A 34-year-old woman was admitted to the hospital with lower abdominal discomfort for several months. Her menstrual cycle length was 28 days, and she experienced slight menstrual pain.

A soft, movable mass was palpated in the right adnexal region of the uterus on pelvic examination. Her routine full blood counts, serum biochemistry and tumour marker were within the normal ranges.

Pelvic ultrasound demonstrated complex cystic mass with solid components measuring 6×3×3 cm within the right adnexa. There was no free fluid in the pelvic cavity. Contrast-enhanced abdominal CT showed 6×3×3 cm sized lobulated solid cystic lesions with various sized nodules within the right adnexa (figure 1).

Figure 1

Contrast-enhanced abdominal CT shows lobulated solid cystic lesions with various sized nodules within the right adnexa.

Under general anaesthesia, exploratory laparoscopy was performed on suspicion of an ovarian malignancy.

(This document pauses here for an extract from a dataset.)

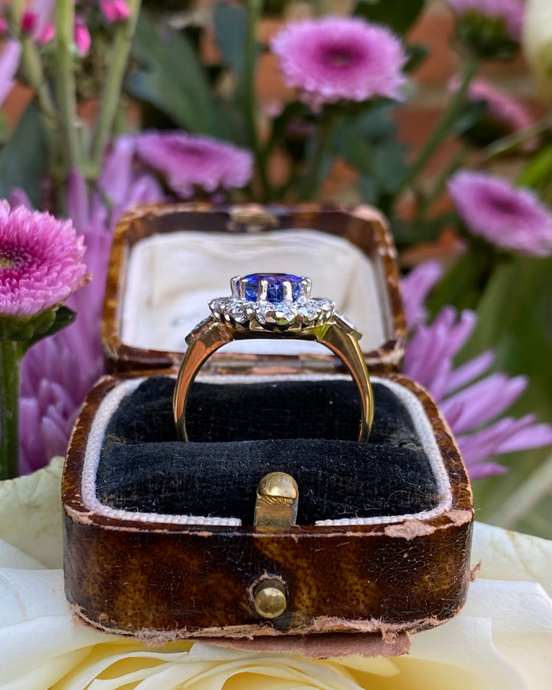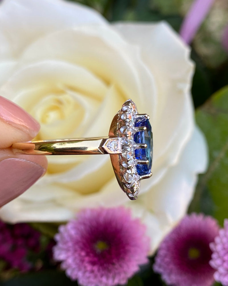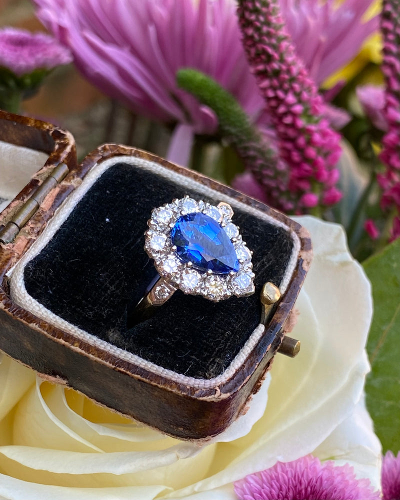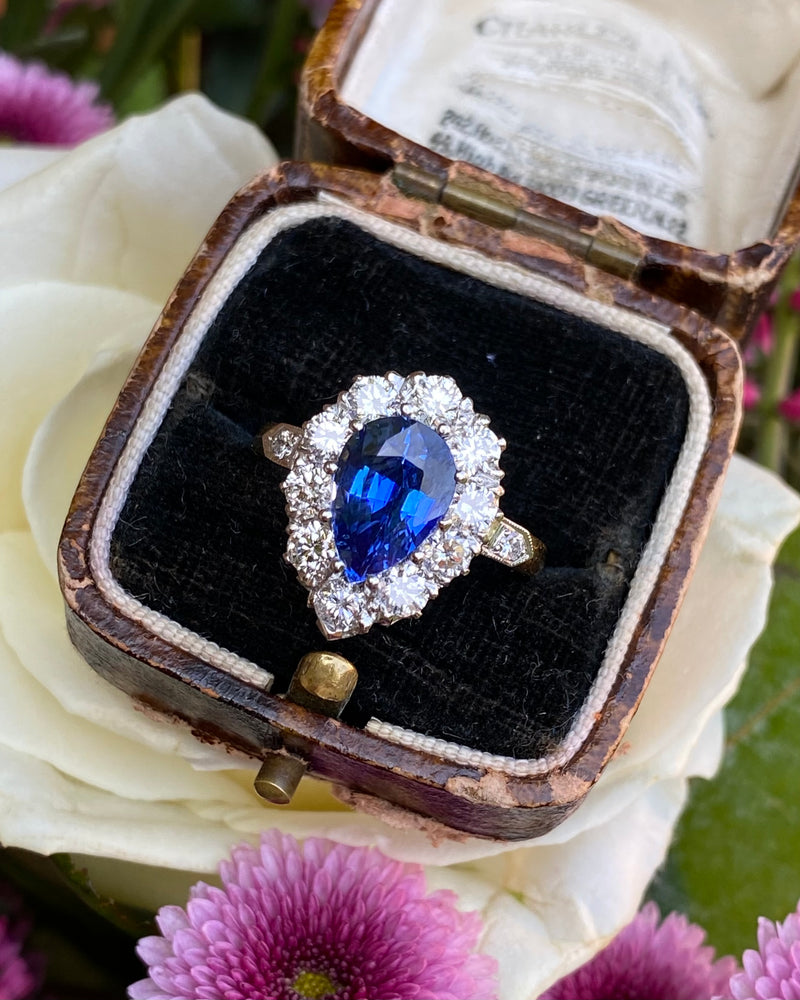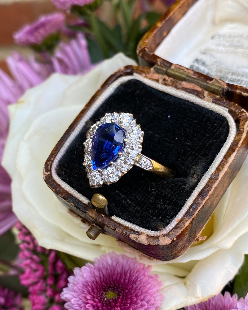 Victorian Sapphire and Diamond Pear Shaped Cluster Ring 18ct Yellow Gold 1.25ct + 2.60ct

The uterus and left adnexa appeared normal, but with a large oval to round yellow, grey and whitish coloured cystic to solid nodular bosselated tumours on the right ovary. The largest cyst measured 3×3×2 cm (figure 2). No enlargement of lymph node around the mass or metastasis was found. Intraoperative frozen section analysis suggested a benign cystadenofibroma.

Figure 2

Intraoperative findings: (A–C) large oval to round yellow, grey and whitish coloured cystic to solid nodular bosselated tumours on the right ovary. (D) Partial oophorectomy was performed.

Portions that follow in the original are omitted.